Yine Birleşmiş Milletle raporuna göre bu asrın sonuna kadar Çöllerin çoğunda ısı 5 ila 7 derece daha artacak ve buna karşılık yağışlarda % 10 ila % 20 azalacaktır.
Bu durum buharlaşma oranını ve çöl fırtınalarını büyük miktarda arttıracak ve etrafında yerleşmiş şehirlere çöller daha da ilerleyecektir.
Isının yükselmesi ve yağmurların azalması aynı zamanda dağlık bölgelerde ki buzulların erimesi ile de desteklenmektedir. Bu sular çöllerdeki hayattın devamını sağlamaktadırlar, fakat Global Isınma sonucu bunlarda kuruyacaktır.

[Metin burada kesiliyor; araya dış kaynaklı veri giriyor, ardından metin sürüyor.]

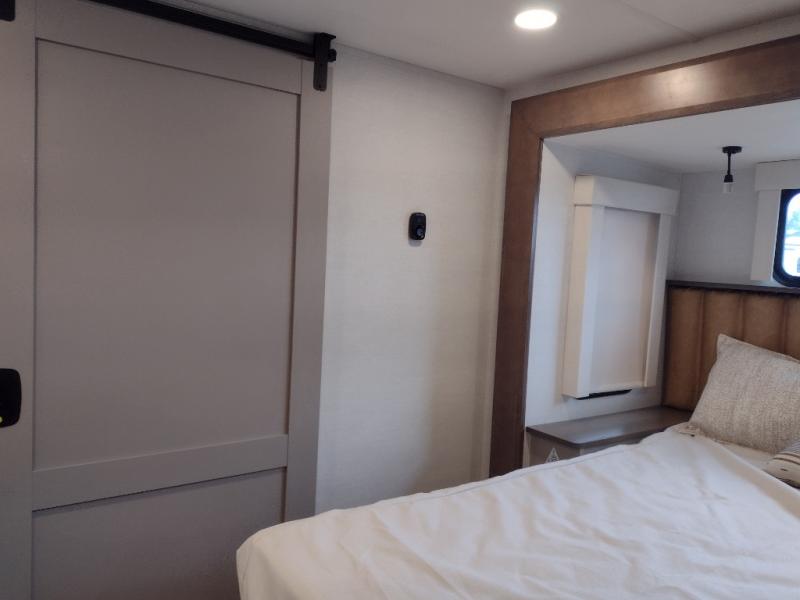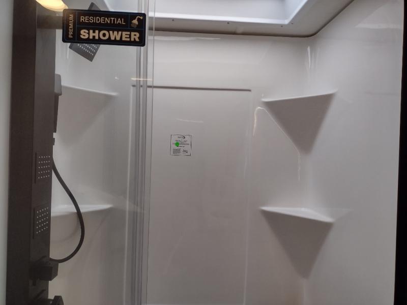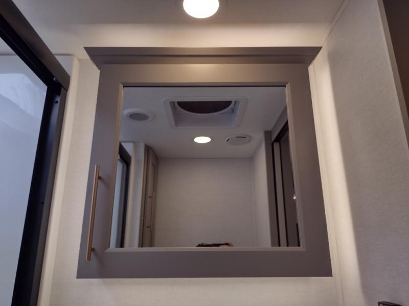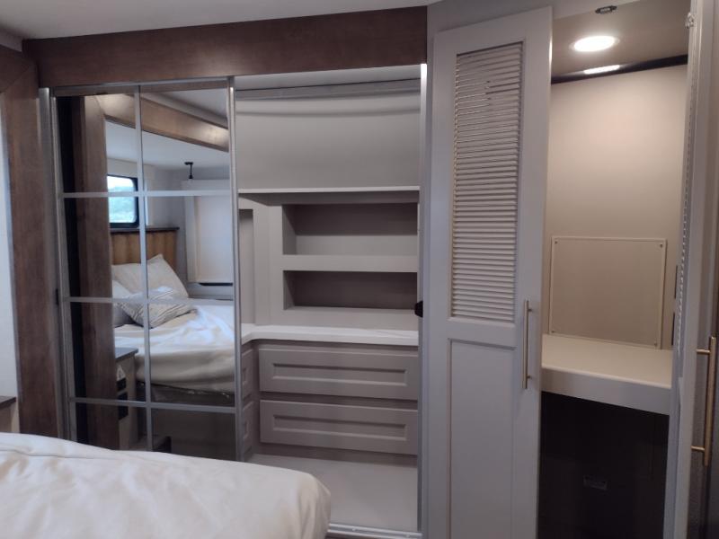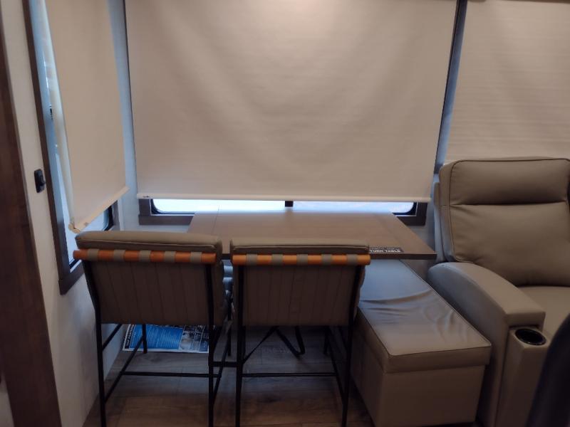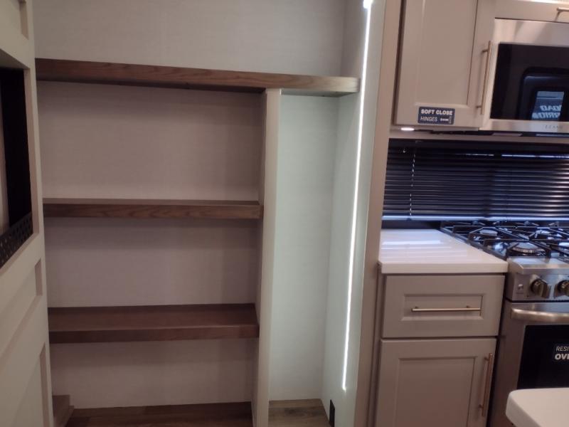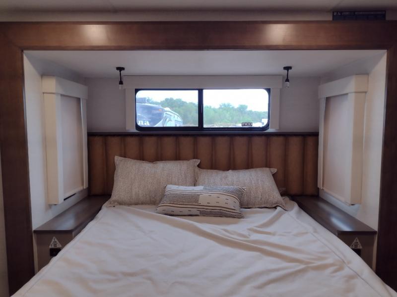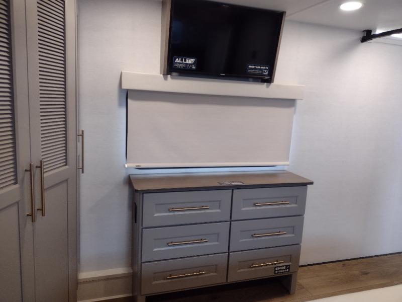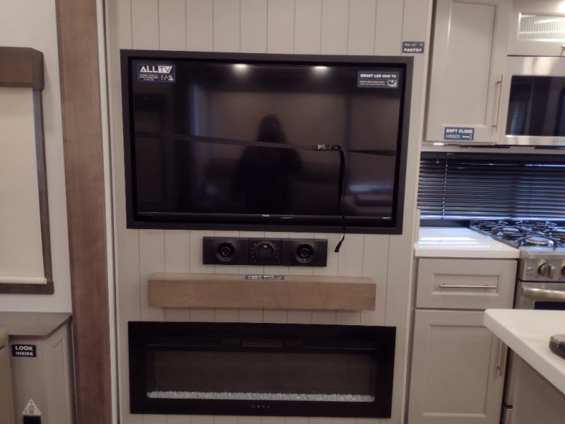 Search for the best views, the nicest RV park, or a place you haven't seen for years with this Paradigm in tow! There is a king bed slide in the master bedroom, a Smart TV, and a dresser with flip-up hidden storage for your belongings. The full bathroom offers a large residential shower, a porcelain toilet with a soft close seat, and storage for your linens, while the kitchen gives you two pantries, an island with a large undermount single basin sink and dishwasher prep if you want the option for easy clean up. You will also have a residential microwave and range, plus a 3.73 cu. ft. oven to make meals. When you're ready to relax for the evening, head to the rear living area to enjoy the dual recliner love seat across from the 50" Smart TV and fireplace!

Bu alanlarda önümüzdeki 100 senede olabilecek gelişmeler iklime ne olacağına bağlıdır. Bununla birlikte gelecekte çöllerde yetişecek bitkiler geleceğin bitkileri olacaktır.
Birleşmiş Milletler Raporuna göre bugün Çöller daha önce hiç olmadığı kadar iklimsel değişikliklerle, suların çok fazla kullanılarak tuzlanma sorunları ile karşı karşıyadır.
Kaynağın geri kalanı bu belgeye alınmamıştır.